Additionally, I still have to verify, but I think that we should really avoid using --daemon when caching synchronously. If we use --daemon, it would mean that cancelling rez-env --pkg-cache-mode sync would not cancel the caching process. After all, keeping the process alive is the the reason to have a daemon mode in the first place. Or I'd go even further, we should not use a subprocess.

Yeah, I'm fine with that. I'll move some of the logic from the cli entry point into package_cache later today or tomorrow.

We should also consider adding a progress bar or some logs when using the sync mode. I anticipate that users will complain if rez-env maya houdini blocks for multiple minutes without clearly saying what's going on.

We can have something print out in the _while_copying() function that is threaded. Since we're using shutil.copytree I don't think we're going to have much by the way of stats about total size/amount transferred/estimated time to completion without hammering the disk, which I'd like to avoid.

JeanChristopheMorinPerso commented 5 months ago

I think it would be preferable to call add_variant(force=True) rather than poll until the .copying sentinel file has disappeared, but I'm not sure what to do about the file lock. We really don't want to be copying the same path at the same time. Perhaps we should modify this logic to copy to an intermediate location that does an atomic move operation once the copy has completed to avoid errors with multiple cache operations running concurrently. I'm not sure there is a great solution for mixing sync and async caching operations for the same files at the same time.

I'm not too sure why we would use force=True or why you don't want to poll. Can you explain your thought a bit more please? Like you say, we really don't want to copy twice or copy the same package multiple times in parallel. The code goes to great length to avoid this.

isohedronpipeline commented 5 months ago

I'm not too sure why we would use force=True or why you don't want to poll. Can you explain your thought a bit more please? Like you say, we really don't want to copy twice or copy the same package multiple times in parallel. The code goes to great length to avoid this.

You could be right. I am worried that a previous sync process could have failed, leaving behind the .copying file, but no further updates to it will have been made. I would imagine that one use case for doing a package cache syncronously would be to force all of the caching operations to happen right now as possibly a way to restart a locked or frozen cache operation.

I see that the copying file is updated every .2 seconds though, so we should be able to check that and continue to wait while that file is being updated.

My hesitation to hit the disk repeatedly is maybe misplaced since the cache is on the local disk. In studio environments, I hesitate to hit network drives with something that could be run many times in parallel. Of course you're right and starting multiple large file transfers instead is madness.

JeanChristopheMorinPerso commented 5 months ago

The package cache class already knows how to handle stalled packages. It should be able to handle the case where a variant is left in progress due to an error or whatever else and restart it. See https://github.com/AcademySoftwareFoundation/rez/blob/dc2c77757748e87d2abf0967924ee0195aa0f11d/src/rez/package_cache.py#L830-L835

As for polling, I agree that polling a shared file system is not wanted. Though, caching is usually done on local disks. We could maybe use inotify to optimize ans simplify the process.

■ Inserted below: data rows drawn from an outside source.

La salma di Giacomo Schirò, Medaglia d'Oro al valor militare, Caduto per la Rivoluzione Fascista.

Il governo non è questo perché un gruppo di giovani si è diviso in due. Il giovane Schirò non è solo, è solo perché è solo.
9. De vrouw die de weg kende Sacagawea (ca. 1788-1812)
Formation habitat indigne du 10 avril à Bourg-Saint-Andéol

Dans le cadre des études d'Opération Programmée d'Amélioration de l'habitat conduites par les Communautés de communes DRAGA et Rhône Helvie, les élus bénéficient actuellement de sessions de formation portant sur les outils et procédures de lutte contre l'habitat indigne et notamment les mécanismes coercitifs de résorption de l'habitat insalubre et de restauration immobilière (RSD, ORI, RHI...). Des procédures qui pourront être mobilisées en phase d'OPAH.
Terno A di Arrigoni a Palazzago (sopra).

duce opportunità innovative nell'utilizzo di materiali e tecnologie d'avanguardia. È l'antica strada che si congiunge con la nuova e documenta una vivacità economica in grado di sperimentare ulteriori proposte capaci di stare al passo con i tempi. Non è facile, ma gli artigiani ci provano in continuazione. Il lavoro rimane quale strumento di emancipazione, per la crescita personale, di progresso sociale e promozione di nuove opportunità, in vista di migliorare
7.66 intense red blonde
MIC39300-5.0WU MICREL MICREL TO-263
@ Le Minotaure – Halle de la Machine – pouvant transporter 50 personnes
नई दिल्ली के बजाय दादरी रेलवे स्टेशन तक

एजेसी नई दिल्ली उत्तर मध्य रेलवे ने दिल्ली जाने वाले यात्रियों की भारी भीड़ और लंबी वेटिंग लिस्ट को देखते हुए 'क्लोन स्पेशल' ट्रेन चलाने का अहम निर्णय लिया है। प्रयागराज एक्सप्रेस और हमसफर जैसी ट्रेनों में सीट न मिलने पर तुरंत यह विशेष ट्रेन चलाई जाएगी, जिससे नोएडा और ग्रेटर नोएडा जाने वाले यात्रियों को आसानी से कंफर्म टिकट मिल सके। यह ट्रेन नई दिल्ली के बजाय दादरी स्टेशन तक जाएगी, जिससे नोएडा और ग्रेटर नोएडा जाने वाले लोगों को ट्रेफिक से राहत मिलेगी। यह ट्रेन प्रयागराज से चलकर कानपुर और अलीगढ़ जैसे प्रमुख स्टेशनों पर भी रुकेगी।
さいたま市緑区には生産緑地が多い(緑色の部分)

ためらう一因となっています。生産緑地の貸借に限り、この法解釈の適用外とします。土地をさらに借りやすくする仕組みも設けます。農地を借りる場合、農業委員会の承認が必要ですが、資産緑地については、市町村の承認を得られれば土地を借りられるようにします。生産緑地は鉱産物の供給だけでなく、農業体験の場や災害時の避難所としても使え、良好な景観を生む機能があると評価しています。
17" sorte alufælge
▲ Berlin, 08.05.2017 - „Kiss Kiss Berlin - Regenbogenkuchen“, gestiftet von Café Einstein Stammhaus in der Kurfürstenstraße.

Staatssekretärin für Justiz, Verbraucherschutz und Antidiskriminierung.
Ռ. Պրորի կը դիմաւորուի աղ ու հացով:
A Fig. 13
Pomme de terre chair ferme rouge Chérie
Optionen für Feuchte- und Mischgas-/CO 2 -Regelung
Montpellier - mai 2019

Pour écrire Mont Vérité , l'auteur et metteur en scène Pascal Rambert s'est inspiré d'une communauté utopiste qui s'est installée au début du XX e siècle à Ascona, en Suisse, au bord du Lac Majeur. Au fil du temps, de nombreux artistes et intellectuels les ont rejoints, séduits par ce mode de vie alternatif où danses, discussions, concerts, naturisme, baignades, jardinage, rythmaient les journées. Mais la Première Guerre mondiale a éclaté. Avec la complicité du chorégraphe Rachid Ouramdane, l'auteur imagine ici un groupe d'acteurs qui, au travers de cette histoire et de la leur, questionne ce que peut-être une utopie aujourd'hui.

chadrik commented 3 months ago

Hi @JeanChristopheMorinPerso I think all the outstanding issues have been addressed. Any other thoughts?

ameliendeshams commented 3 months ago

Hi @isohedronpipeline,

I'm delighted to see this pull request! We've been waiting for this feature, and it's great to see it implemented.

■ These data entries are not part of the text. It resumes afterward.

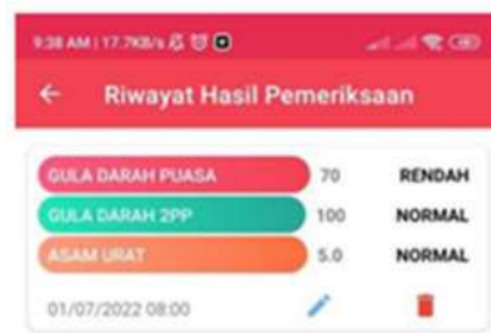
Gambar 5 Riwayat Hasil Pemeriksaan

Selanjutnya Menu riwayat berisi tabel daftar pemeriksaan yang sebelumnya telah dimasukkan dalam menu input data. Pada menu input data apabila ditekan submit atau simpan akan langsung terhubung pada menu riwayat seperti pada gambar disamping. Menu riwayat akan dimunculkan dalam bentuk semi tabel kolom dengan nilai hasil pemeriksaan yang telah dimasukkan beserta dengan keterangan hasilnya. Kategori keterangan hasil muncul secara otomatis berdasarkan jenis kelamin yang didaftarkan pada menu profile dengan acuan standar setiap parameter pemeriksaan. Terdapat pula kolom tanggal yang dapat diubah sesuai dengan tanggal pemeriksaan sebelumnya. Tanggal akan mempengaruhi pengingat untuk kontrol yang akan dilakukan selanjutnya. Fitur pada menu riwayat adalah delete atau hapus untuk menghilangkan data yang telah dimasukkan. Tampak tabel seperti ini akan terus muncul pada setiap bulan setelah dilakukan pemeriksaan laboratorium dan diinputkan dalam menu input data.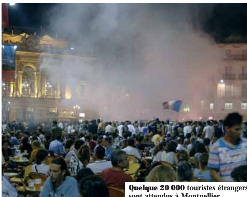
Quelque 20 000 touristes étrangers sont attendus à Montpellier.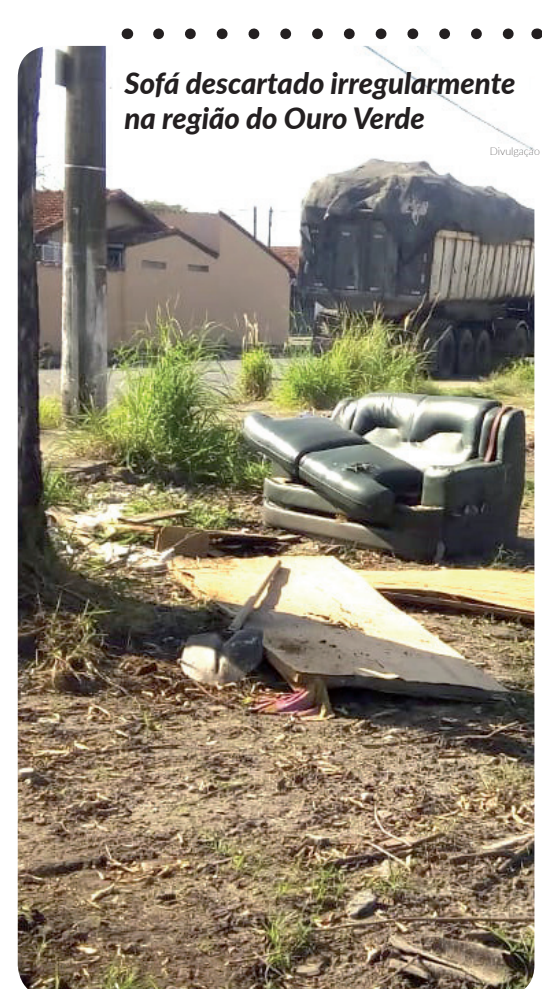
Sofá descartado irregularmente na região do Ouro Verde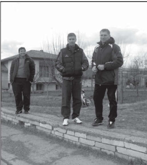
Под зорките погледи на треньорския щаб, футболистите започнаха първата си тренировка.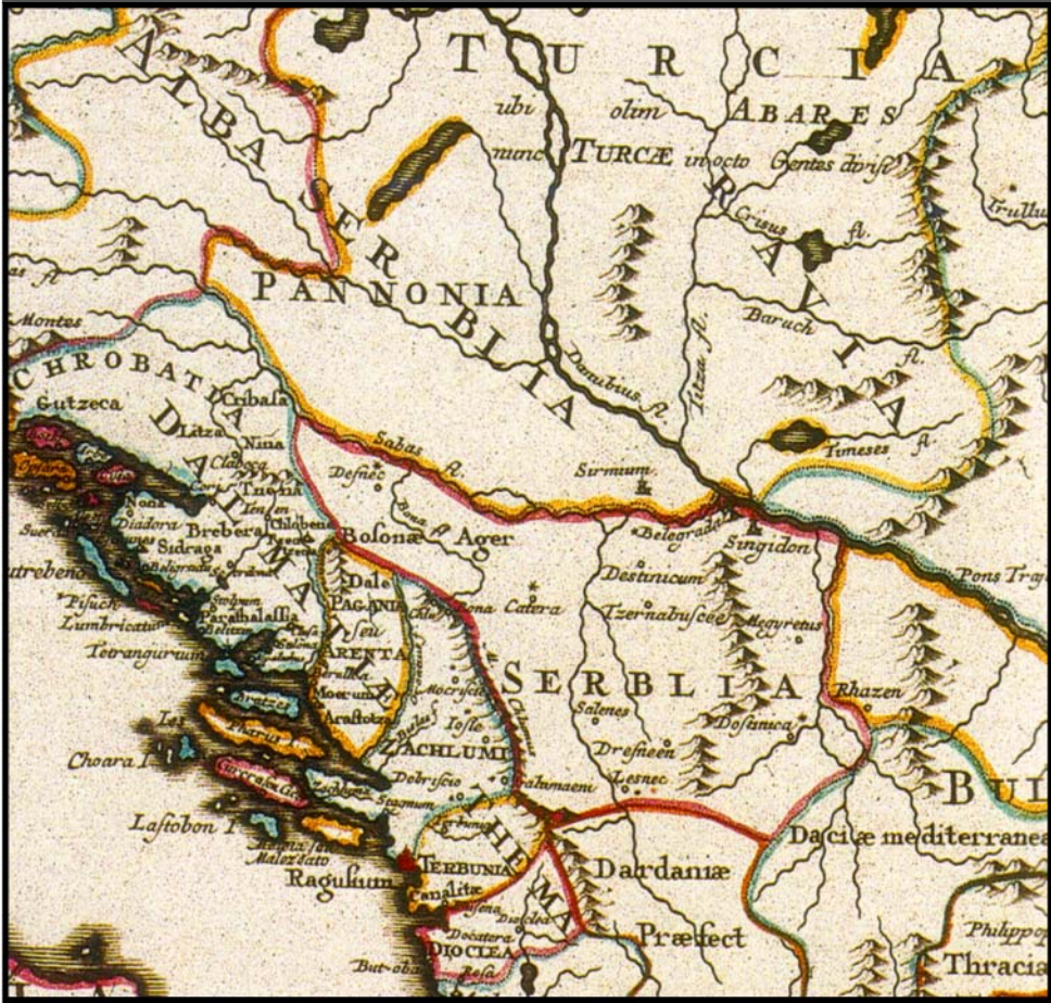
Сл. 2. - Фрагмент карте Гијом де Лиља: Источна империја и суседни региони по Константину Порфирогениту

At Fortiche, we've tested this branch, and it works exactly as expected. The synchronous package caching is a game-changer for our studio environments, where we often need to cache packages quickly and reliably.

We're also happy to see that you've addressed the concerns about progress and logging in sync mode. It's essential to provide users with clear feedback when running long-running commands.

Thanks again for your work on this feature! We're excited to see it merged and start using it in our production environments.